**** Given records

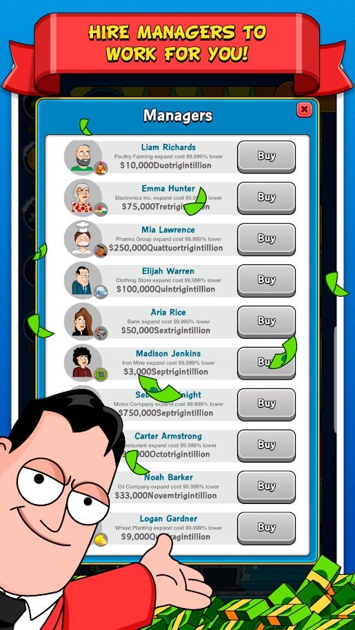 Сделай первый шаг на пути к миллионам богатства и заработай первые деньги, чтобы после инвестировать их в еще более выгодное дело. Сжимайте лимонный сок ежедневно и увеличивайте прибыль. Чтобы добиться лучших результатов пользователь сможет накопить деньги на разведении кур, на продаже яиц, на стройках и еще куча способов существует в этом кликере, но каждый способен принести невероятное количество денег. Выполняйте множество заданий и кликайте по экрану все быстрее, увеличивая темп. Чтобы добиться первого миллиона нужно усердно трудиться и следить за своим бизнесом в The Big Capitalist 3. Третья часть получила заметные улучшения и обновления, а также займет куда больше времени. Привлекайте каждый день новых инвесторов и заполучите их доверие.
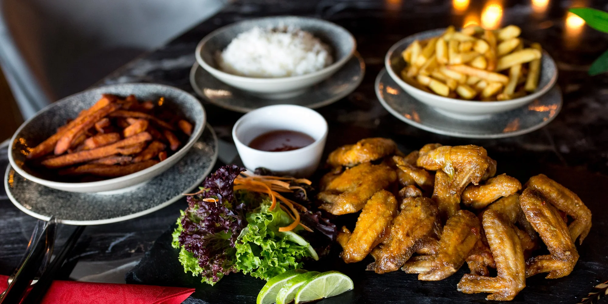 Ku krídelkám si môžete vybrať jednu z troch príloh – ryžu, hranolčeky alebo batátové hranolčeky.
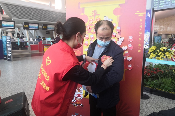 為確保本場春運工作平穩有序開展,航站區中心聯合飛行區中心、安護部、地勤公司、防疫辦、省空港貴賓公司等部門以及機場公安、國航、南航、長龍航空等單位組織開展“平安春運 防疫有我”主題活動?,F場向旅客征集“防疫志愿者”,共同做好樓內“規范佩戴口罩,保持安全防疫距離”提醒勸導活動。參與活動的防疫志愿者在留言板上留下防疫宣言和對祖國、親朋好友的新年祝福,為旅客留下獨特的春運記憶。
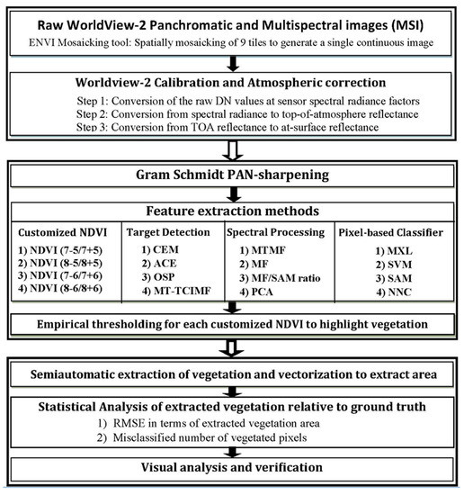 This procedure consisted of four semi-automatic feature extraction approaches: (a) customized NDVI, (b) spectral processing or matching, (c) target detection, and (d) pixel-wise supervised classification. All satellite data were processed by procedures developed using ENVI 5 software.
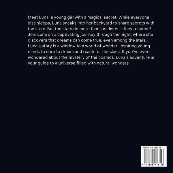 Meet Luna, a young girl with a magical secret. While everyone else sleeps, Luna sneaks into her backyard to share secrets with the stars. But the stars do more than just listen-they respond! Join Luna on a captivating journey through the night, where she discovers that dreams can come true, even among the stars. Luna's story is a window to a world of wonder, inspiring young minds to reach for the skies. If you've ever wondered about the magic of the cosmos, Luna's adventure is your guide to a universe filled with natural wonders.
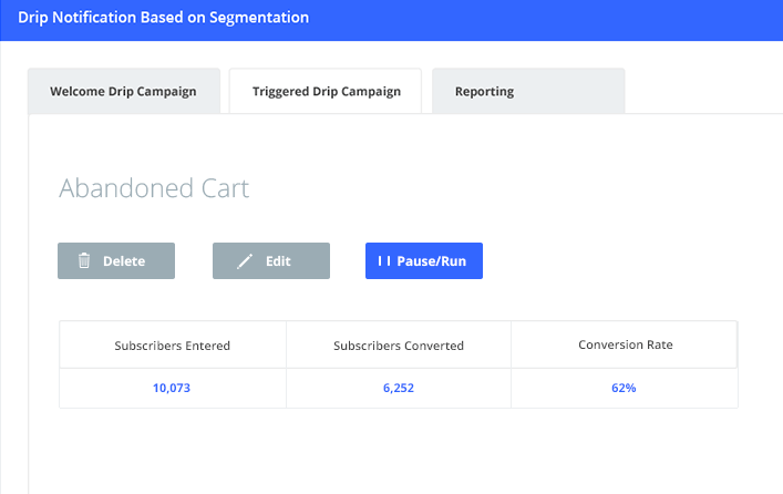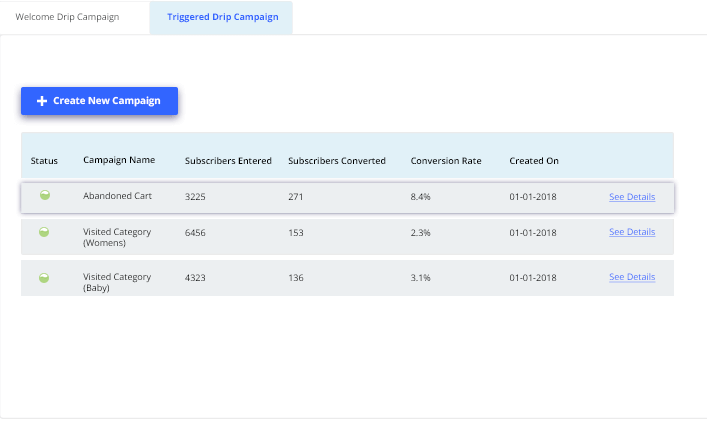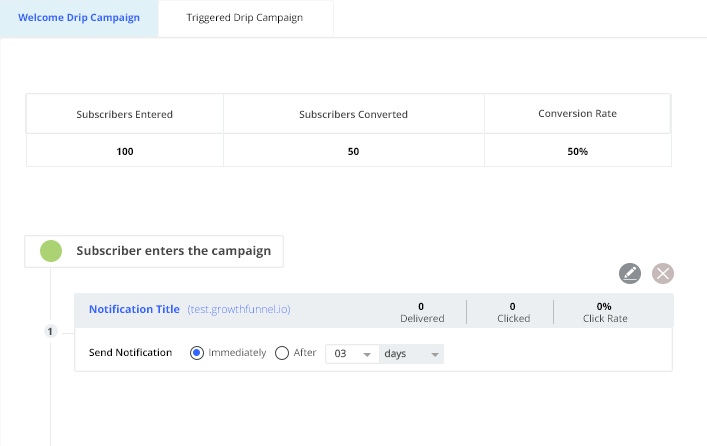 Setup a welcome drip campaign to send series of automated Push Notification to engage your new subscribers.

********

### Aim of the task
The answer is the records above, repeated exactly, with no picture in it.

### Answer for this exercise
 Сделай первый шаг на пути к миллионам богатства и заработай первые деньги, чтобы после инвестировать их в еще более выгодное дело. Сжимайте лимонный сок ежедневно и увеличивайте прибыль. Чтобы добиться лучших результатов пользователь сможет накопить деньги на разведении кур, на продаже яиц, на стройках и еще куча способов существует в этом кликере, но каждый способен принести невероятное количество денег. Выполняйте множество заданий и кликайте по экрану все быстрее, увеличивая темп. Чтобы добиться первого миллиона нужно усердно трудиться и следить за своим бизнесом в The Big Capitalist 3. Третья часть получила заметные улучшения и обновления, а также займет куда больше времени. Привлекайте каждый день новых инвесторов и заполучите их доверие.
 Ku krídelkám si môžete vybrať jednu z troch príloh – ryžu, hranolčeky alebo batátové hranolčeky.
 為確保本場春運工作平穩有序開展,航站區中心聯合飛行區中心、安護部、地勤公司、防疫辦、省空港貴賓公司等部門以及機場公安、國航、南航、長龍航空等單位組織開展“平安春運 防疫有我”主題活動?,F場向旅客征集“防疫志愿者”,共同做好樓內“規范佩戴口罩,保持安全防疫距離”提醒勸導活動。參與活動的防疫志愿者在留言板上留下防疫宣言和對祖國、親朋好友的新年祝福,為旅客留下獨特的春運記憶。
 This procedure consisted of four semi-automatic feature extraction approaches: (a) customized NDVI, (b) spectral processing or matching, (c) target detection, and (d) pixel-wise supervised classification. All satellite data were processed by procedures developed using ENVI 5 software.
 Meet Luna, a young girl with a magical secret. While everyone else sleeps, Luna sneaks into her backyard to share secrets with the stars. But the stars do more than just listen-they respond! Join Luna on a captivating journey through the night, where she discovers that dreams can come true, even among the stars. Luna's story is a window to a world of wonder, inspiring young minds to reach for the skies. If you've ever wondered about the magic of the cosmos, Luna's adventure is your guide to a universe filled with natural wonders.
 Setup a welcome drip campaign to send series of automated Push Notification to engage your new subscribers.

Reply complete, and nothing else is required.